■ **TASK INPUT**:
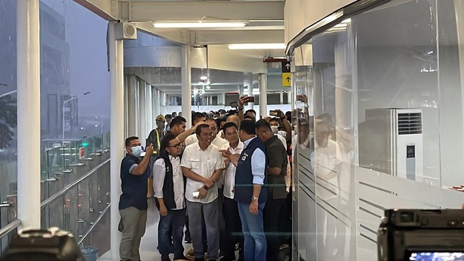 Pantauan detikcom di lokasi, Sabtu (15/10/2022), pukul 17.10 WIB, tampak sejumlah orang petugas berusaha mendorong air yang tergenang ke arah luar halte. Kala Anies tiba, kondisi lantai dua halte itu masih tergenang air pascahujan lebat.
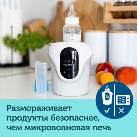 Многофункциональный подогреватель позволит приготовить детское питание идеальной для подачи температуры всего за несколько минут. Независимо от того, была ли еда охлаждена в холодильнике или имеет комнатную температуру, устройство нагреет ее быстро и равномерно. Режимы поддержания температуры позволят подавать еду именно тогда, когда это необходимо. Нагреватель также облегчит разморозку продуктов и заваривание бутылочек и небольших аксессуаров для кормления из бутылочки.
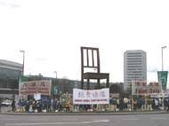 | 向联合国工作人员讲真相 | 广场右面一景 | 向带队教授讲真相 |
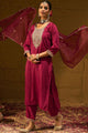 Maroon & gold-toned yoke design Kurta with Trousers & dupatta
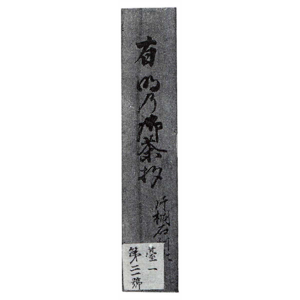 附纸包纸内有《有明御茶杓歌》二首,作者不详:「定家曙之茶杓 思念何人可吟咏 春晓余辉漫溢 有明之茶杓 世人不知此心意 任凭有明明月行于天际」
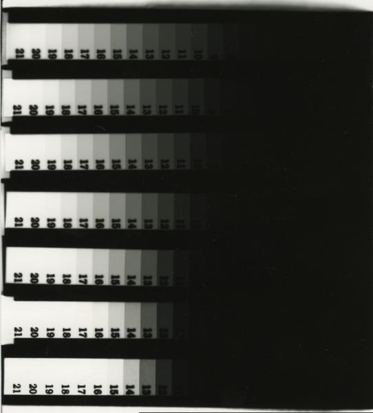 Perhaps the areas of zone convergence (adjacent zones printing the same density) were not so easy to detect because the flat areas only contained portions of a single zone (less than one stop in length) or, because there were more than 8 zones of negative density in the print, the effects of a complete adjacent zone convergence were more difficult to detect.
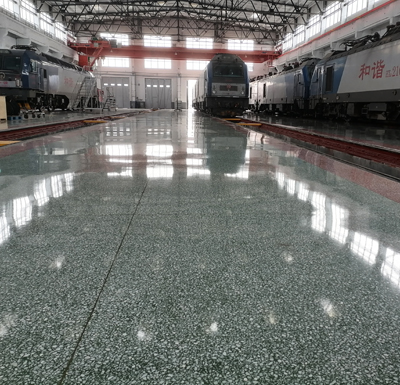 格爾木機務段新建年檢修庫在做高強升級水磨石定制前,貴段領導在進行多方面比較后,對原有設計方案進行變更為機輛高強升級水磨石地坪。貴段
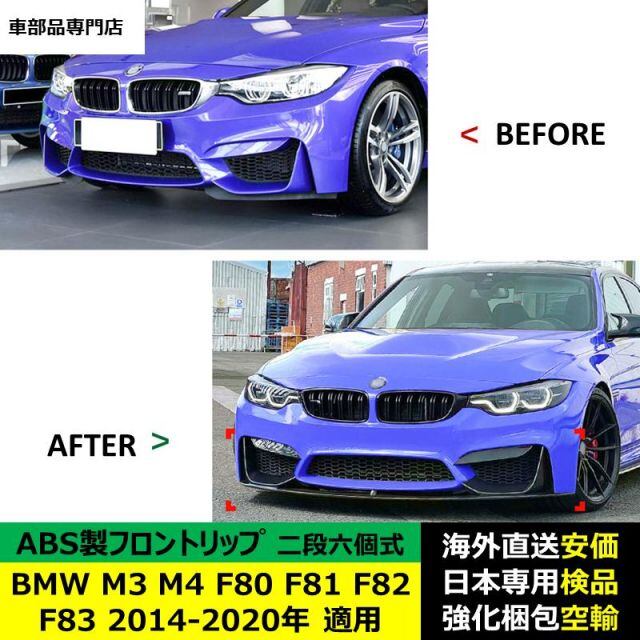 商品名:BMW M3 M4 F80 F81 F82 F83 2014-2020年 適用 二段式六個セットフロントリップ ガーニッシュ リップカバー スポイラー キズ防止 ABS製

■ **PROBLEM TO SOLVE**: Wherever an image appears, omit it; copy the rest of the records exactly.

■ **EXPECTED ANSWER**:
 Pantauan detikcom di lokasi, Sabtu (15/10/2022), pukul 17.10 WIB, tampak sejumlah orang petugas berusaha mendorong air yang tergenang ke arah luar halte. Kala Anies tiba, kondisi lantai dua halte itu masih tergenang air pascahujan lebat.
 Многофункциональный подогреватель позволит приготовить детское питание идеальной для подачи температуры всего за несколько минут. Независимо от того, была ли еда охлаждена в холодильнике или имеет комнатную температуру, устройство нагреет ее быстро и равномерно. Режимы поддержания температуры позволят подавать еду именно тогда, когда это необходимо. Нагреватель также облегчит разморозку продуктов и заваривание бутылочек и небольших аксессуаров для кормления из бутылочки.
 | 向联合国工作人员讲真相 | 广场右面一景 | 向带队教授讲真相 |
 Maroon & gold-toned yoke design Kurta with Trousers & dupatta
 附纸包纸内有《有明御茶杓歌》二首,作者不详:「定家曙之茶杓 思念何人可吟咏 春晓余辉漫溢 有明之茶杓 世人不知此心意 任凭有明明月行于天际」
 Perhaps the areas of zone convergence (adjacent zones printing the same density) were not so easy to detect because the flat areas only contained portions of a single zone (less than one stop in length) or, because there were more than 8 zones of negative density in the print, the effects of a complete adjacent zone convergence were more difficult to detect.
 格爾木機務段新建年檢修庫在做高強升級水磨石定制前,貴段領導在進行多方面比較后,對原有設計方案進行變更為機輛高強升級水磨石地坪。貴段
 商品名:BMW M3 M4 F80 F81 F82 F83 2014-2020年 適用 二段式六個セットフロントリップ ガーニッシュ リップカバー スポイラー キズ防止 ABS製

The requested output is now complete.